Programmbeschwerde: Tagesschau zwischen Hybris und Hysterie - Putin könnte mit Cyber-Attacken deutsche Wähler manipulieren

Sehr geehrte NDR Rundfunkräte, sehr geehrter Herr Intendant,

systematisch verzerrt ARD-aktuell das Weltbild des deutschen Publikums mit der Vorstellung eines feindselig-aggressiven Russland und dämonisiert dessen Präsidenten Vladimir Putin. Die Bundestagswahl 2017 könne mittels russischer Cyberattacken auf die Meinungsbildung in Deutschland beeinflusst werden, barmt das „Bundesamt für Sicherheit in der Informationstechnologie“, BSI, und beruft sich auf so „zuverlässige“, „unabhängige“ und „vertrauenswürdige“ Informanten wie die NATO und den Bundesnachrichtendienst, BND.

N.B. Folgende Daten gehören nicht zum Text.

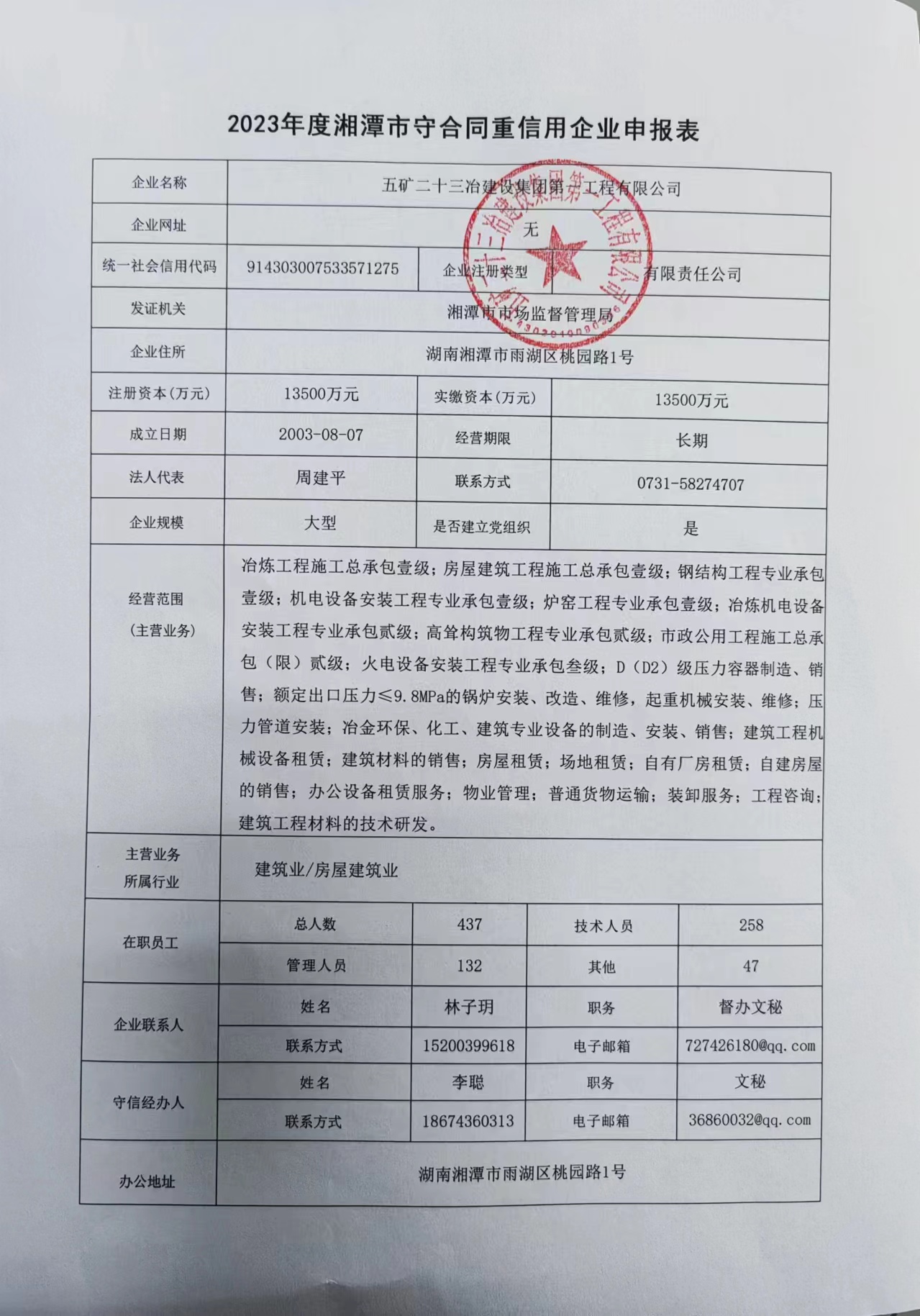 本企業(yè)根據(jù)《湘潭市守合同重信用企業(yè)申報(bào)規(guī)定》等編制 2023 年度企業(yè)信用報(bào)告書,并保證本報(bào)告書內(nèi)容真實(shí)、準(zhǔn)確、完整。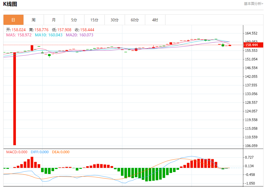 汇价高见158.787,低见157.977。上一交易日,汇价收于158.009。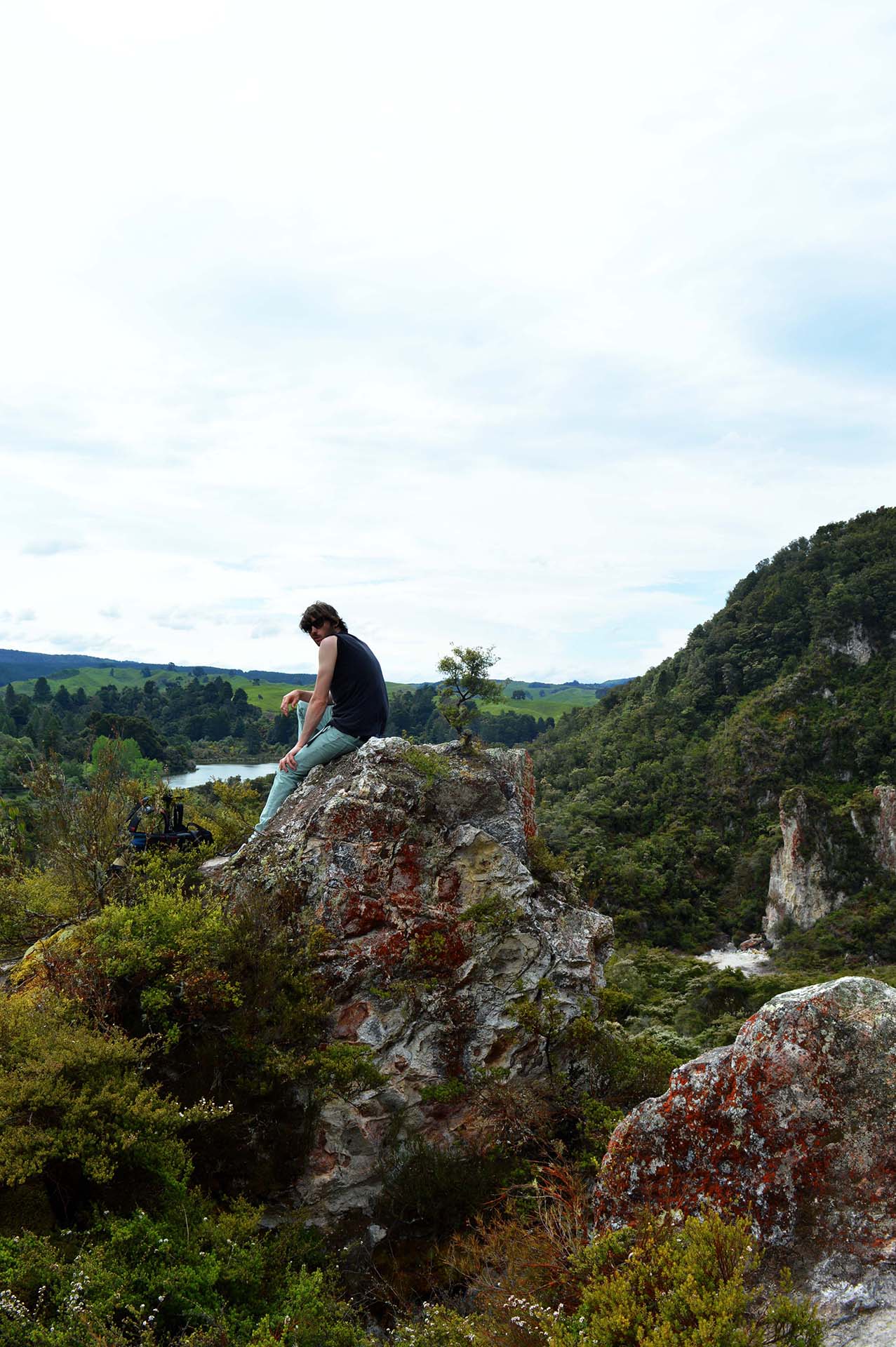 luxuriante se compose de grandes fougères que nous n’avions encore jamais vu, de petits arbustes et de nombreuses plantes qui ne poussent que dans ce type de milieu. La zone autrefois très chaude a tendance à se refroidir aujourd’hui, et c’est pourquoi la forêt reprend le dessus. Pour finir, de grands pics rocheux teintés de rose, de rouge et d’orange se dressent en arrière-plan, comme sortis de nulle part. Par curiosité nous décidons d’avancer plus loin et nous tombons sur un minuscule chemin à travers les buissons qui nous conduit au sommet d’un des rochers que nous venions d’admirer depuis la plateforme d’en-face. Nous seulement la vue est imprenable (et donne même le vertige), mais nous sommes aussi entourés de fumerolles, qui pour une fois ne sont pas cerclées de barrières, mais à l’état brut. Le sol fait quelques gargouillis et lorsqu’on s’en approche, la fumée est très chaude. C’est très enivrant d’être aussi près d’un tel phénomène, qui plus est perché sur un rocher surplombant un lac de cratère !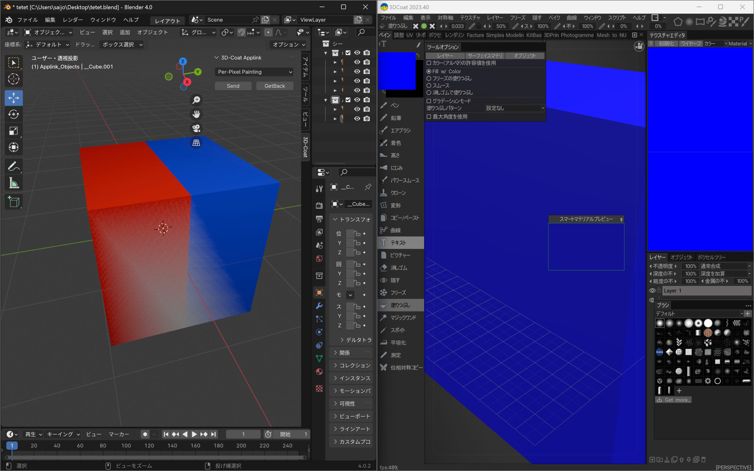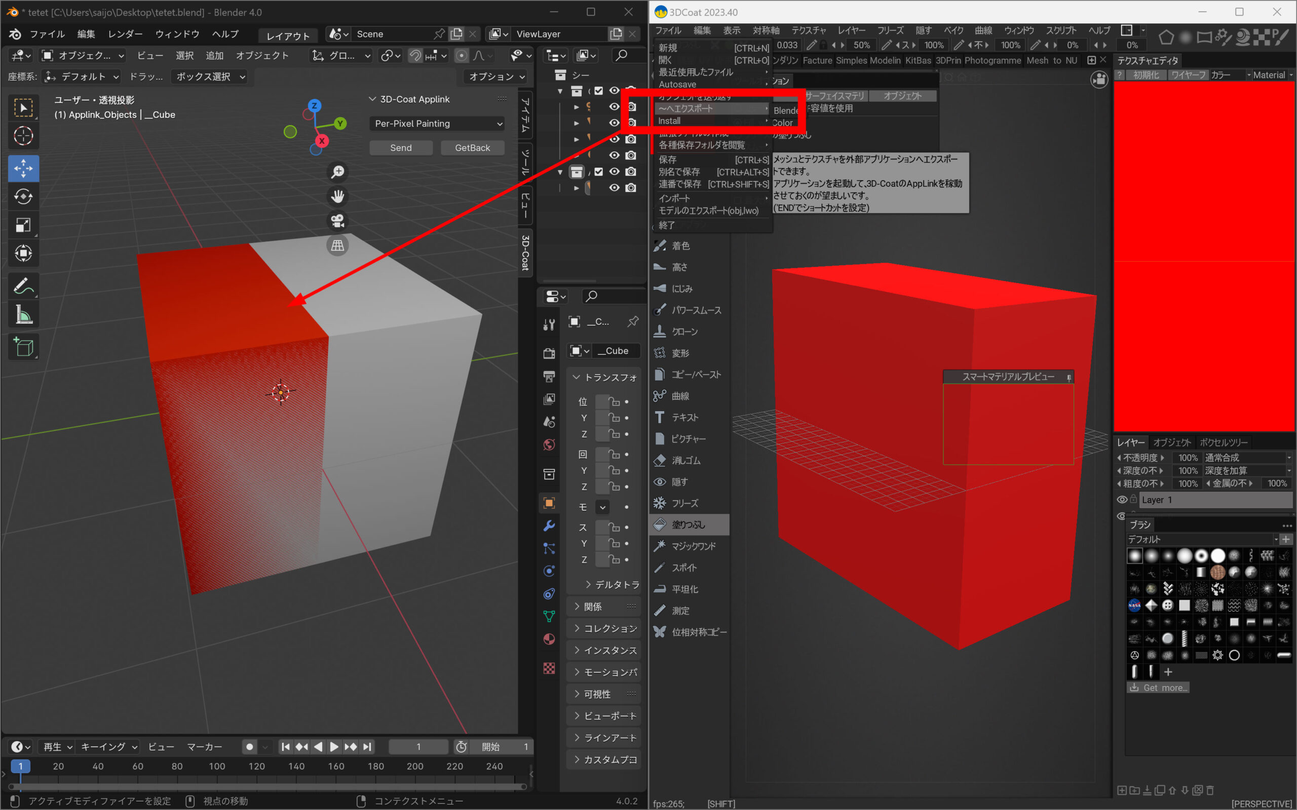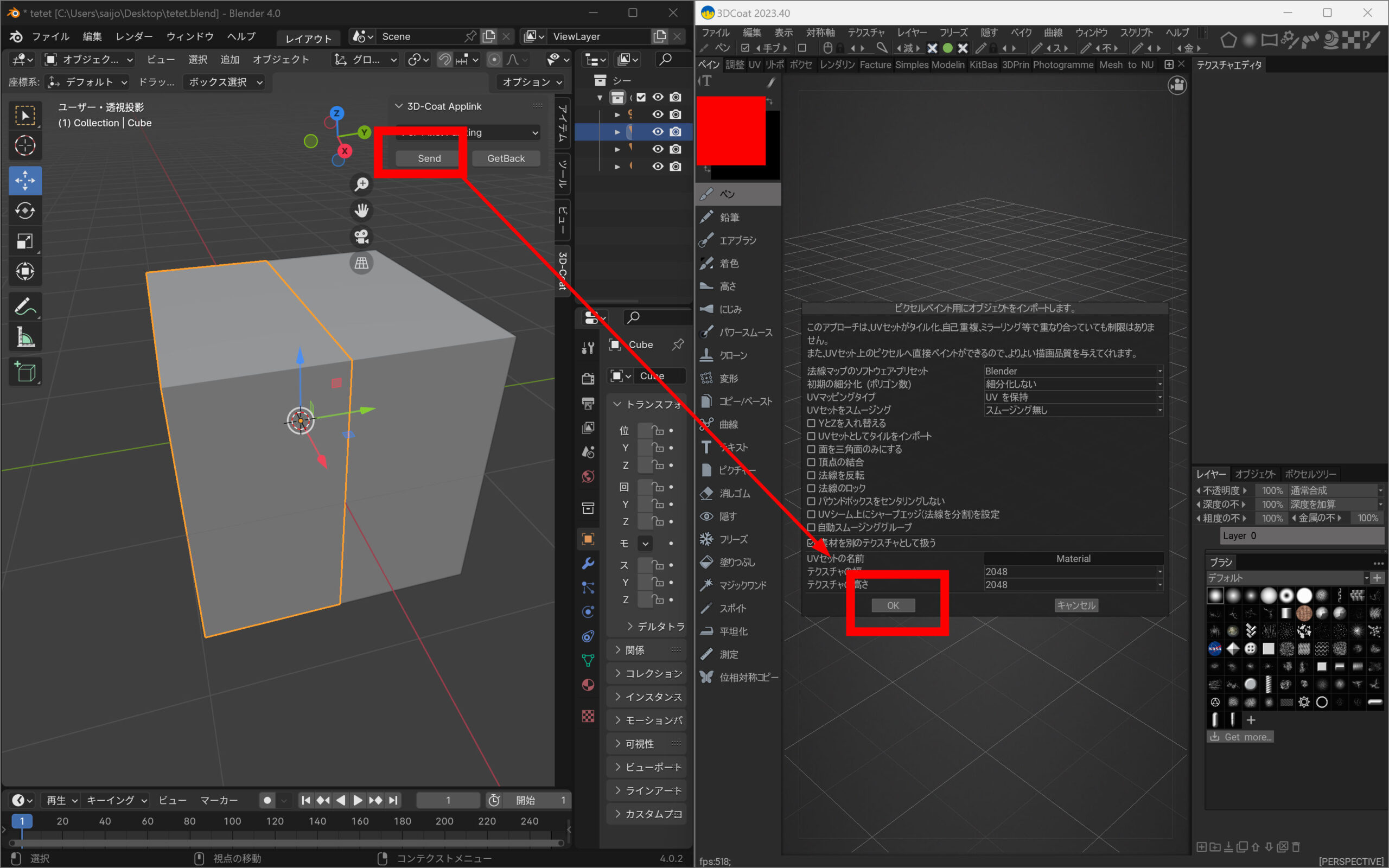 3Dcoatにオブジェクトを送ります。2つ同時に送るとテクスチャーがよくわからないことになるので、片側づつ3Dcoatに送信しましょう。

Als ob nicht gerade diese nachweislich dem deutschen Michel schon zur Genüge die Hucke vollgelogen hätten und obwohl sich in den USA ein fundierter Konsens durchsetzt, der die dortigen Cyberangriffe innerer politischer Gegnerschaft und nicht den Russen zuschreibt, wie nur noch der Kreis um den berüchtigten Senator Cain behauptet. Dennoch: ARD-aktuell ignoriert diese Entwicklung, relativiert nicht, gibt keine Zusatzinformationen zur rationalen Einordnung ihrer Horrornachrichten.

Man hat es lieber plakativ, wie schon bei der Berichterstattung über die angeblichen russischen Hackerangriffe im US-Wahlkampf.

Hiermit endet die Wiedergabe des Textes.